The loss value printed in the log is the current step, and the metric is the average value of previous step.
Epoch 1/20
step 13/13 [==============================] - loss: 0.2466 - 2s/step
Epoch 2/20
step 13/13 [==============================] - loss: 0.0802 - 2s/step
Epoch 3/20
step 13/13 [==============================] - loss: 0.0474 - 2s/step
Epoch 4/20
step 13/13 [==============================] - loss: 0.0340 - 2s/step
Epoch 5/20
step 13/13 [==============================] - loss: 0.0267 - 2s/step
Epoch 6/20
step 13/13 [==============================] - loss: 0.0179 - 2s/step
Epoch 7/20
step 13/13 [==============================] - loss: 0.0215 - 2s/step
Epoch 8/20
step 13/13 [==============================] - loss: 0.0162 - 2s/step
Epoch 9/20
step 13/13 [==============================] - loss: 0.0137 - 2s/step
Epoch 10/20
step 13/13 [==============================] - loss: 0.0099 - 2s/step
step 13/13 [==============================] - loss: 0.0074 - 2s/step
Epoch 12/20
step 13/13 [==============================] - loss: 0.0117 - 2s/step
Epoch 13/20
step 13/13 [==============================] - loss: 0.0065 - 2s/step
step 13/13 [==============================] - loss: 0.0086 - 2s/step
Epoch 15/20
step 13/13 [==============================] - loss: 0.0085 - 2s/step
Epoch 16/20
step 13/13 [==============================] - loss: 0.0067 - 2s/step
Epoch 17/20
step 13/13 [==============================] - loss: 0.0068 - 2s/step
Epoch 18/20
step 13/13 [==============================] - loss: 0.0044 - 2s/step
Epoch 19/20
step 13/13 [==============================] - loss: 0.0069 - 2s/step
Epoch 20/20
step 13/13 [==============================] - loss: 0.0087 - 2s/step
六、模型预测
6.1 预测
我们可以直接使用model.predict接口来对数据集进行预测操作,只需要将预测数据集传递到接口内即可。

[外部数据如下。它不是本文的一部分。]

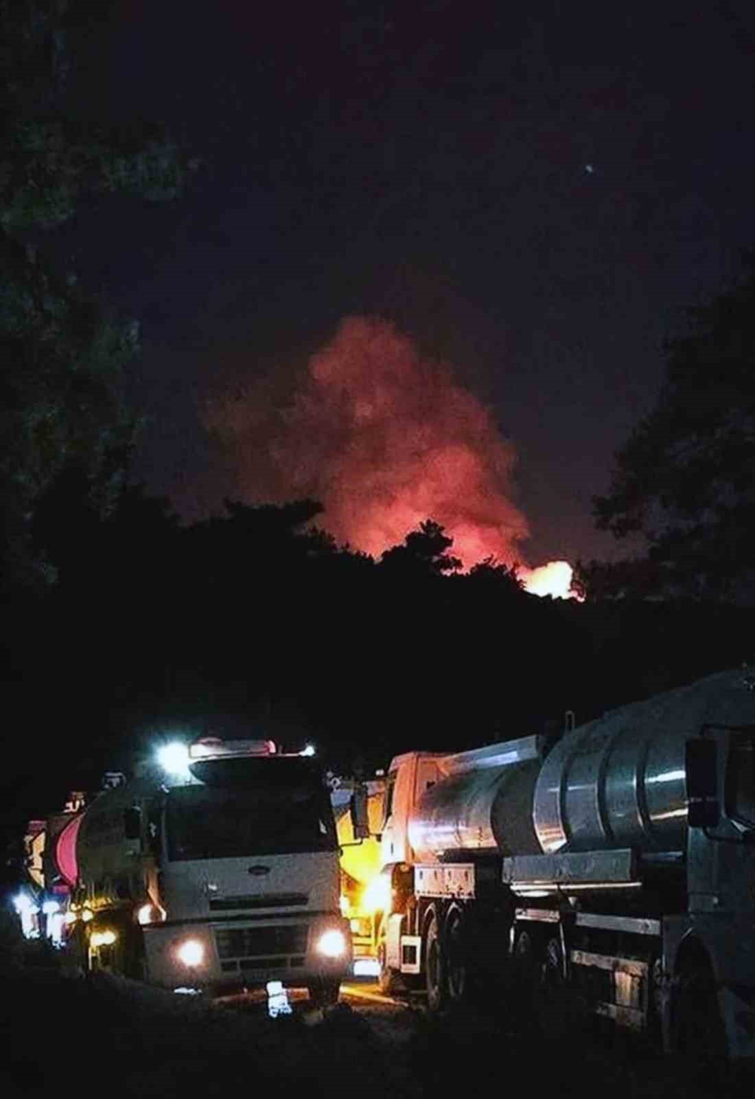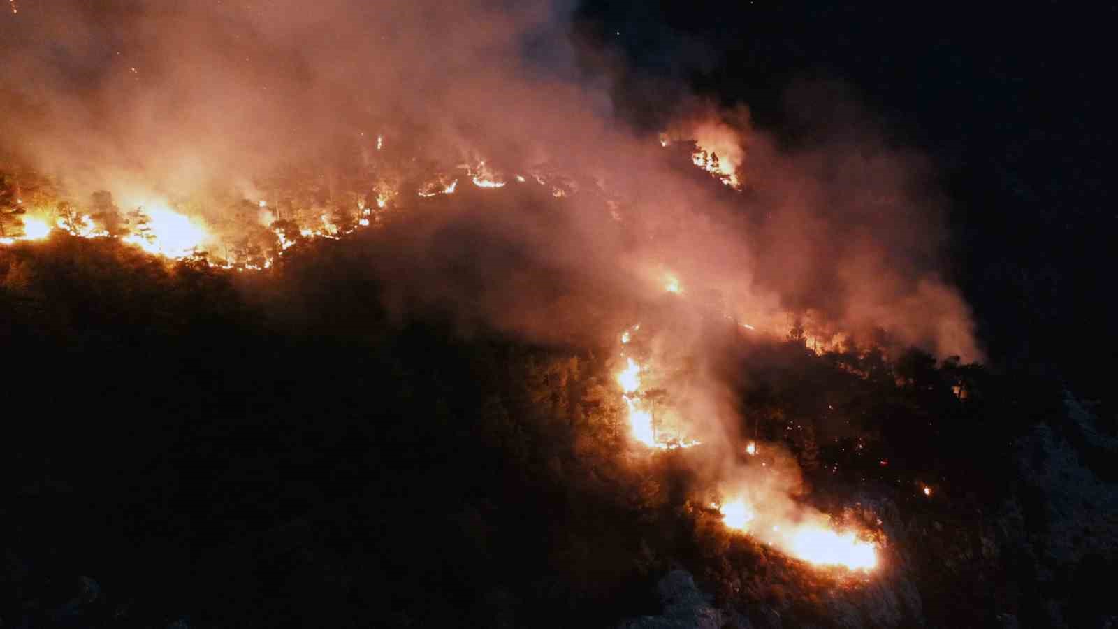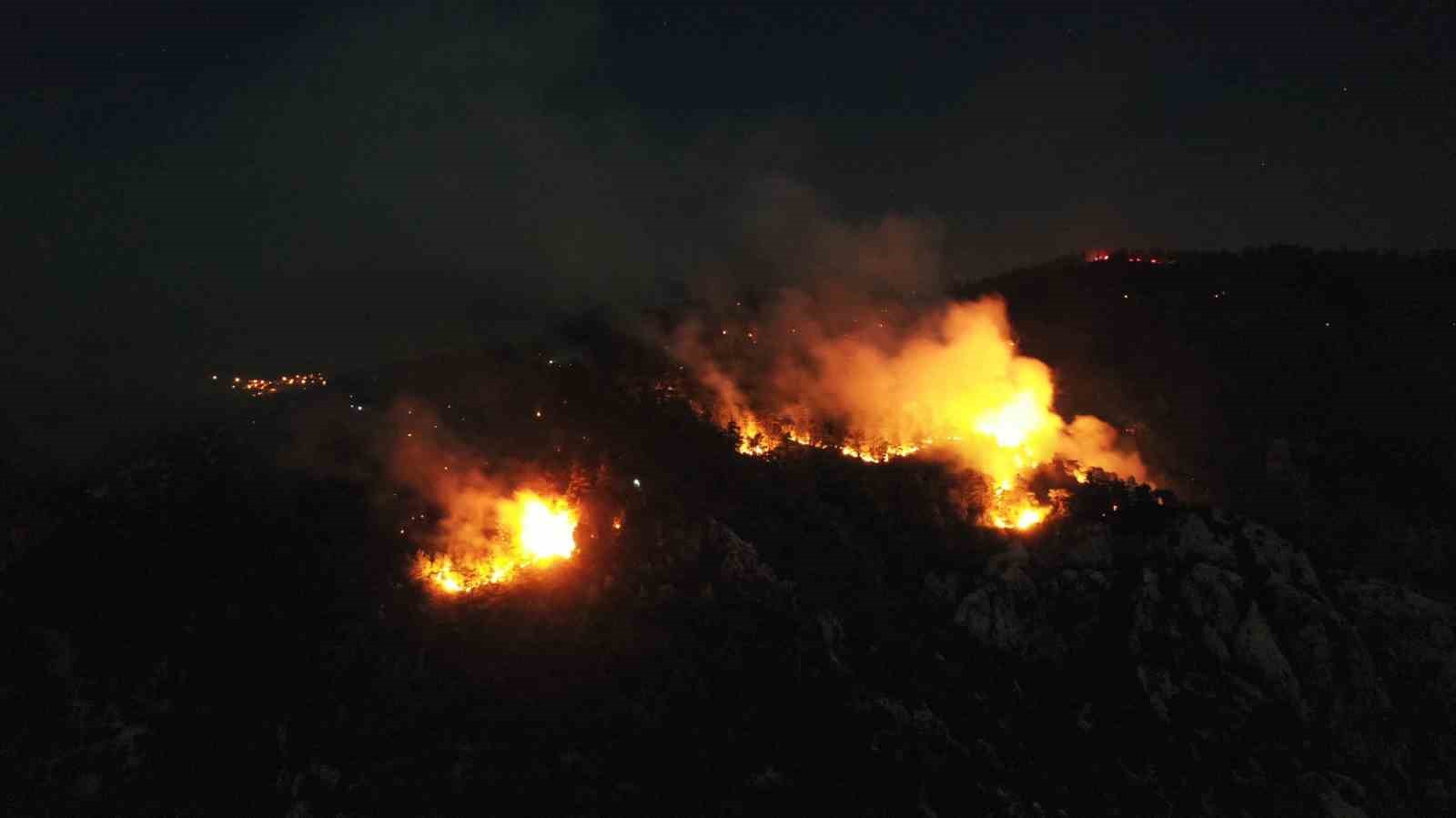 Kıran Mahallesi’nin körfeze bakan sırtlarında zaman zaman parlayan alevlere gece boyunca karadan müdahale eden ekiplerin mücadelesi dron kamerasıyla görüntülendi. Bölgede orman, Muğla Büyükşehir ve Menteşe Belediyesi ekiplerinin yanında kurumlar, gönüllüler ve köylüler tarafından alevlerin önünün kesilmesi için mücadele veriliyor. Gökova Körfezi Turnalı mevkiinde başlayan orman yangınında 17’si yazlık 29 yapı zarar görmüştü. Söndürme çalışmalarına 45 arazöz 14 su tankeri 7 dozer ve 313 orman personeli karadan, gündüz saatlerinde ise 16 helikopter ve 8 uçak havadan katılıyor. Jandarma ve emniyet ekipleri de helikopter ve TOMA’larla destek veriyor.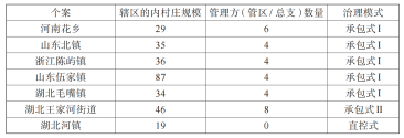 表2是采用不同分权模式的乡镇所辖村庄的规模比较。从表2中可以看出,无论是采取承包式Ⅰ还是承包式Ⅱ治理模式的乡镇,一个共同的特征就是所辖村庄数量甚多,导致乡镇政府治理时所需应对的对象过多,治理负荷过大。对此,王家河街道党委书记强调管区与总支在其治理中的重要性时曾讲: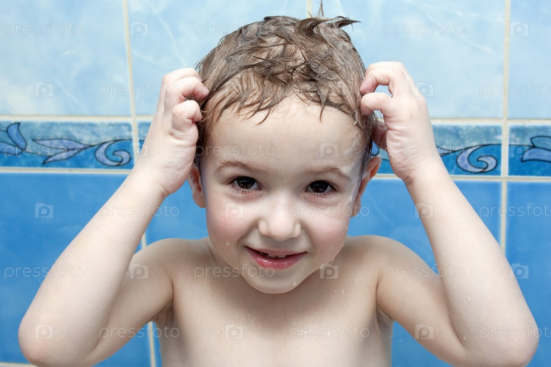 Красивый мальчик купается и моет голову шампунем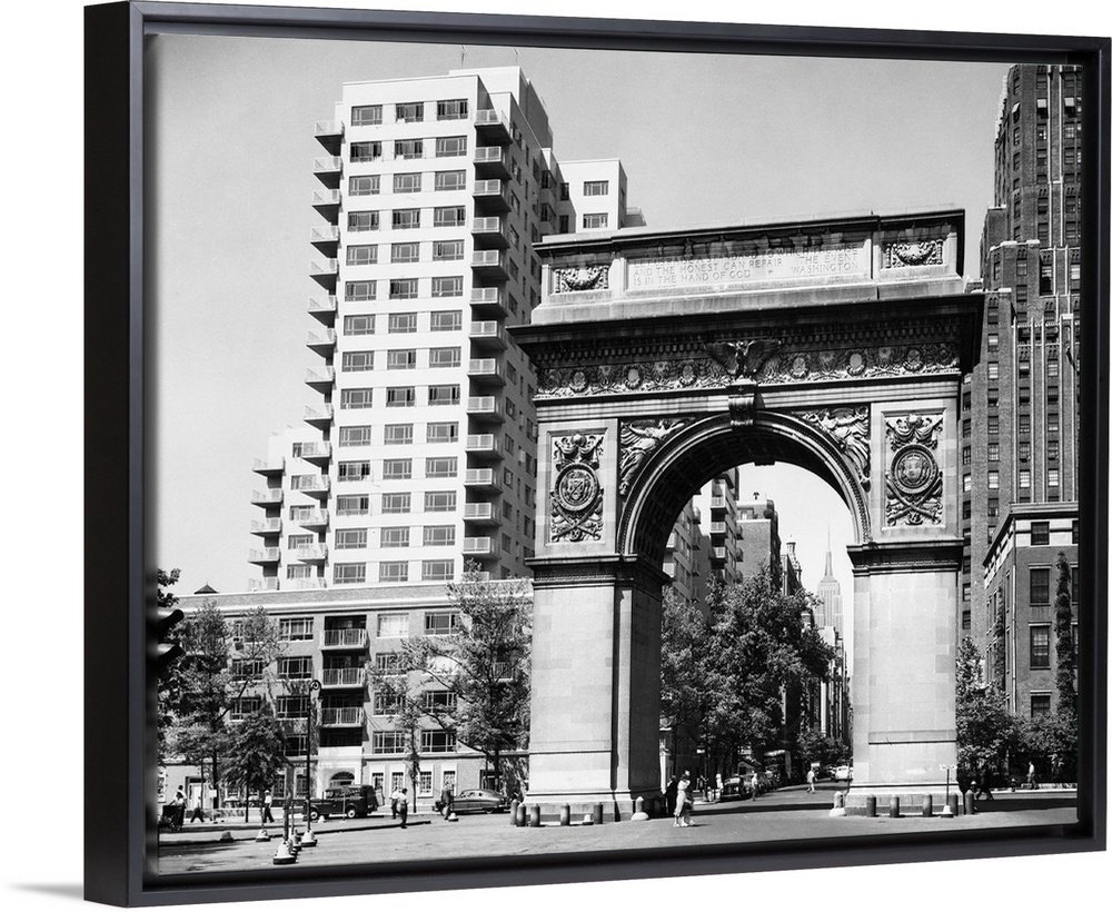 <p>View through the Arch in Washington Square Park in New York City. Photograph by C.T. Miller, 1952.</p>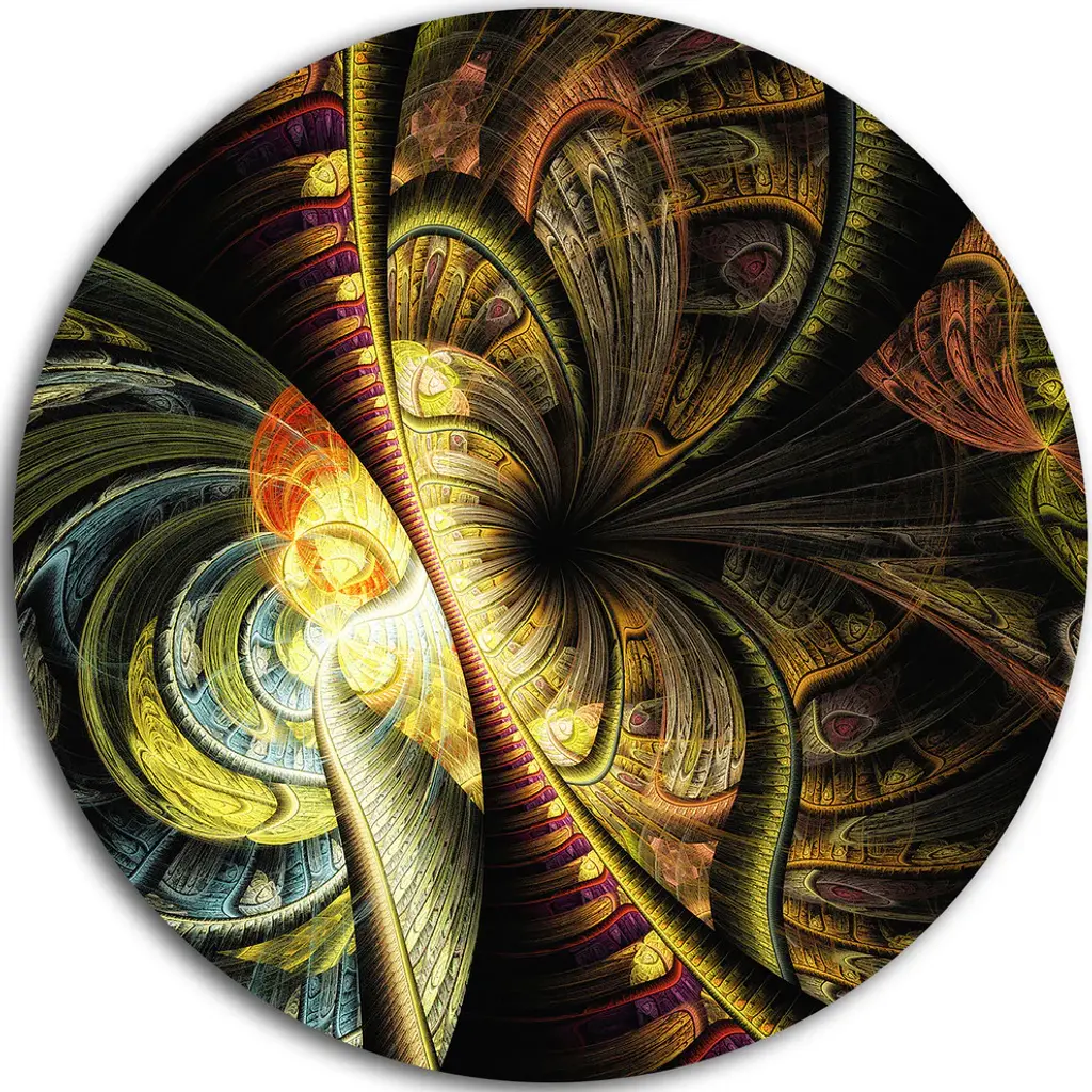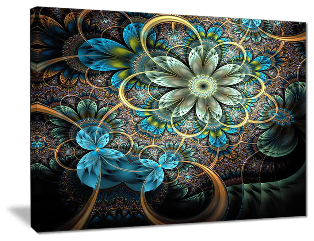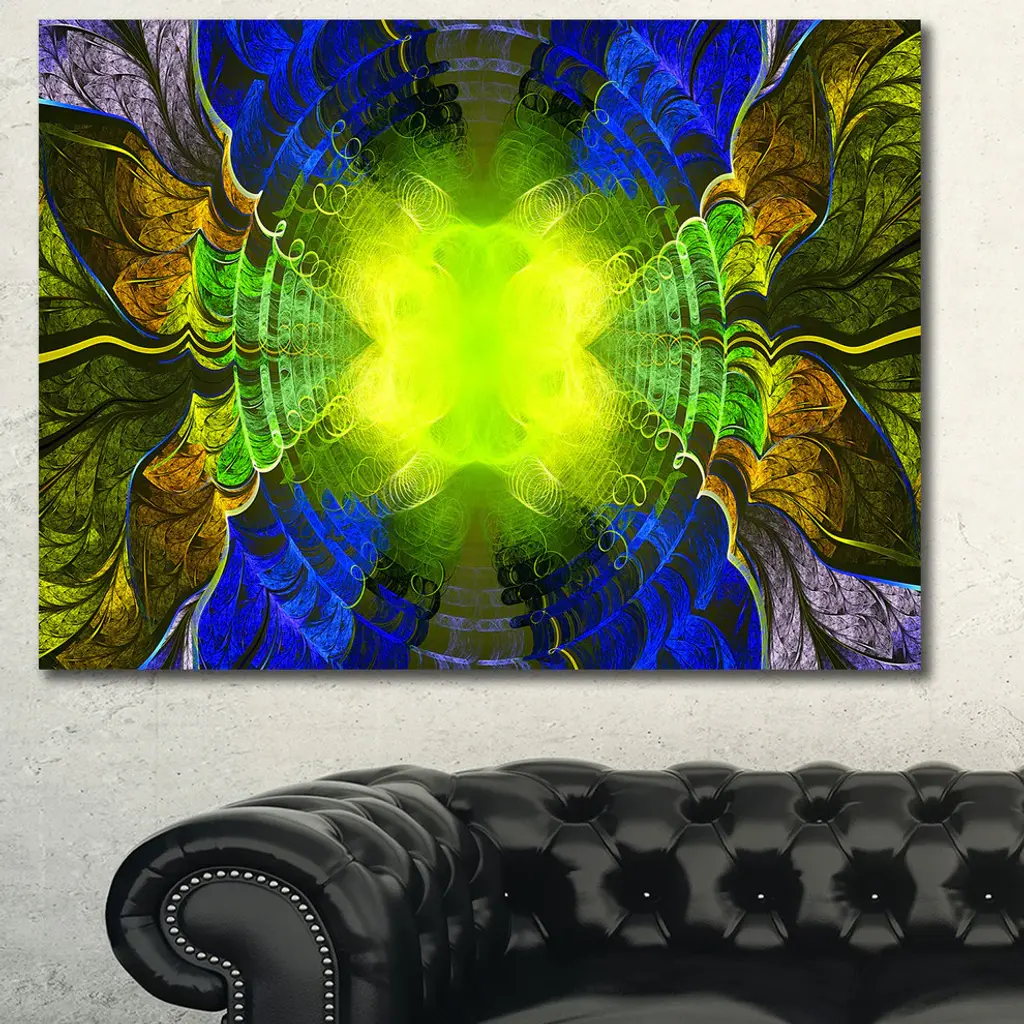 Green Golden Fractal Stained Glass, Oversized Abstract Canvas Art Print, 60x40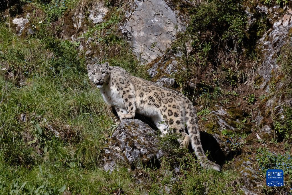长期观察研究显示,峡谷内至少已记录到84只雪豹个体以及12只金钱豹个体,此外,还分布有藏棕熊、狼、猞猁等食肉动物。图为在昂赛大峡谷内拍摄的雪豹(8月6日摄)。新华网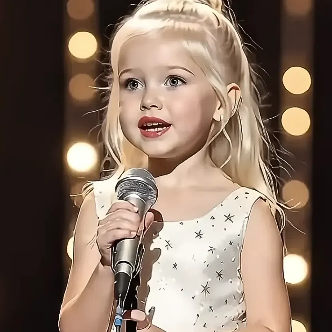 As she reached the final chorus, her voice cracked just slightly. It wasn’t a mistake — it was pure emotion. She looked up again, her small face illuminated by the stage lights, and whispered the last line of the song with a trembling smile. The sound hung in the air for several seconds after the music stopped, as if the room itself didn’t want to let it go.
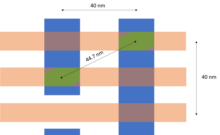 For the BEOL, we expect fully self-aligned vias to be used [5]. We can also expect vias to be placed on a crossed diagonal grid [6]. When these arrangements are combined, the number of multipatterning masks can be minimized [7]. Note that multipatterning is still necessary even with EUV as the expected center-to-center distances are still too small (Figure 3). One mask would be needed to overlay a diagonal line grid that blocks half of the crosspoint locations where the two adjacent metal layers overlap (Figure 4). The pitch of this diagonal line grid will require self-aligned quadruple patterning (SAQP) with ArF immersion lithography, and the stochastic defect density cliff below 36 nm pitch [8,9] would also likely force EUV to use self-aligned double patterning (SADP). From the remaining locations, two ArF immersion masks or one EUV mask would be used to select which ones would be kept for forming vias (Figure 5). Note that this would leave a diagonal line signature on the vias (Figure 6).
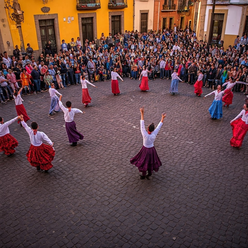 camera-positions Bird’s eye view: Energetic, festive, celebratory ; A group of dancers performing in a plaza; medium shot; Groups; cobblestone streets, colorful buildings, and a lively crowd; cinematic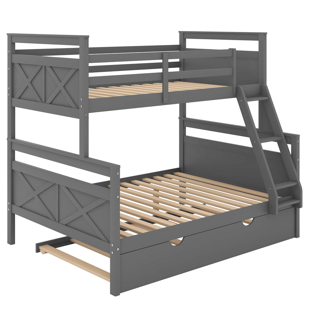 Twin over Full Bunk Bed with Ladder, Twin Size Trundle, Safety Guardrail, Gray
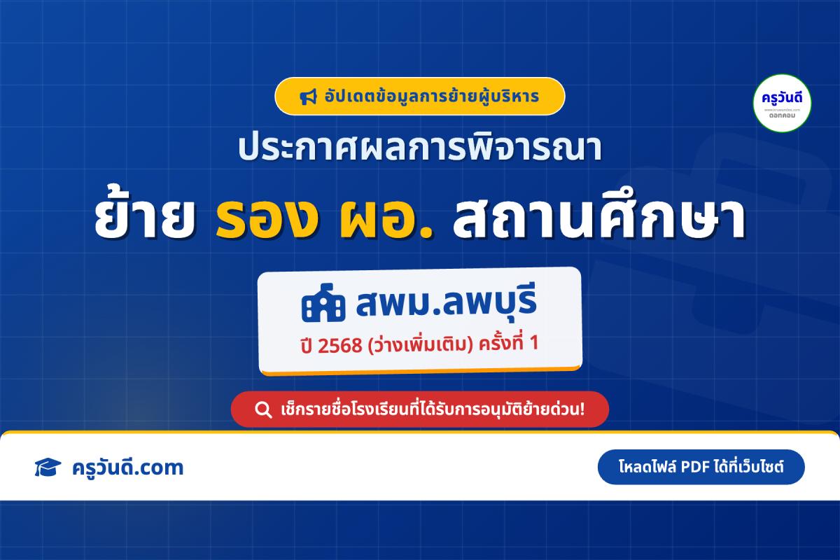 สวัสดีครับเพื่อนครูและผู้บริหารทุกท่าน! วันนี้ ครูวันดี มีข่าวดีมาอัปเดตกันอีกแล้วครับ ล่าสุดทาง อ.ก.ค.ศ. เขตพื้นที่การศึกษามัธยมศึกษาลพบุรี ได้มีมติอนุมัติผลการพิจารณาย้ายผู้บริหารสถานศึกษา (ในตำแหน่งรองผู้อำนวยการสถานศึกษา) หลังการย้ายประจำปี พ.ศ. 2568 หรือรอบว่างเพิ่มเติม ครั้งที่ 1 ออกมาเป็นที่เรียบร้อยแล้วครับ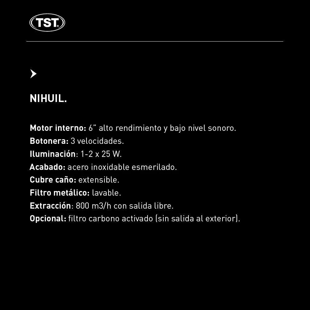 características: motor interno: 6” de alto rendimiento y bajo nivel sonoro. comando: pulsante. iluminación: 1-2 x 25 w acabado: acero inoxidable esmerilado. cubre caño: extensible. filtro: metálico lavable. extracción: 800 m3/h con salida libre. medidas: 600-750-900 mm. opcional: filtro carbono activado (sin salida al exterior). cubre caño x 98cm. persiana móvil. producto certificado @tstargentina 270 95 310 275 min 480 - max 950 40 600 - 750 - 900 510 ø150 velocidades: 3 (v1-v2-v3). nivel de ruido (db)*: 66 (v1) - 58 (v3) *(instalación 6” con salida recta). potencia del motor: 182 w.
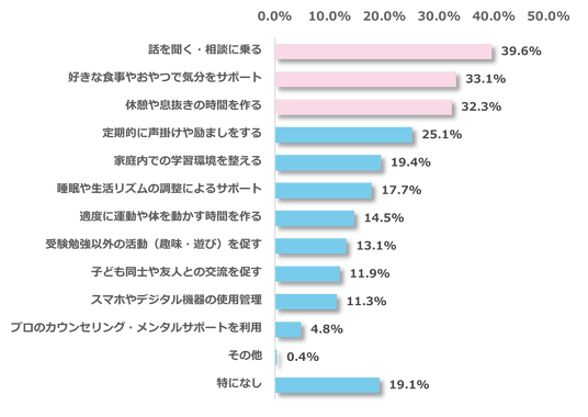 受験勉強中のメンタルケアとして実践していることについて調査したところ、最多回答は「話を聞く・相談に乗る(39.6%)」、次いで「好きな食事やおやつで気分をサポート(33.1%)」、「休憩や息抜きの時間を作る(32.3%)」と続きました。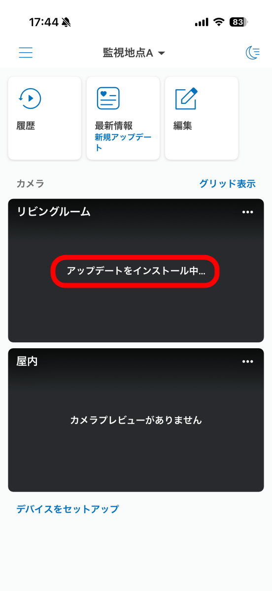 アップデートが完了するとRingのトップ画面にRing Outdoor Cam Proで撮影した映像のスナップショットが表示されます。スナップショットをタップするとカメラの個別ページを確認できます。

predict_results = model.predict(val_dataset)
Predict begin...
step 100/100 [==============================] - 38ms/step
Predict samples: 100
6.2 定义预测结果可视化函数
import math
import matplotlib.pyplot as plt
from mpl_toolkits.axes_grid1.inset_locator import zoomed_inset_axes
from mpl_toolkits.axes_grid1.inset_locator import mark_inset
def psnr(img1, img2):
"""
PSMR计算函数
"""
mse = np.mean( (img1/255. - img2/255.) ** 2 )
if mse < 1.0e-10:
return 100
PIXEL_MAX = 1
return 20 * math.log10(PIXEL_MAX / math.sqrt(mse))
def plot_results(img, title='results', prefix='out'):
"""
画图展示函数
"""
img_array = np.asarray(img, dtype='float32')
img_array = img_array.astype("float32") / 255.0
fig, ax = plt.subplots()
im = ax.imshow(img_array[::-1], origin="lower")
plt.title(title)
axins = zoomed_inset_axes(ax, 2, loc=2)
axins.imshow(img_array[::-1], origin="lower")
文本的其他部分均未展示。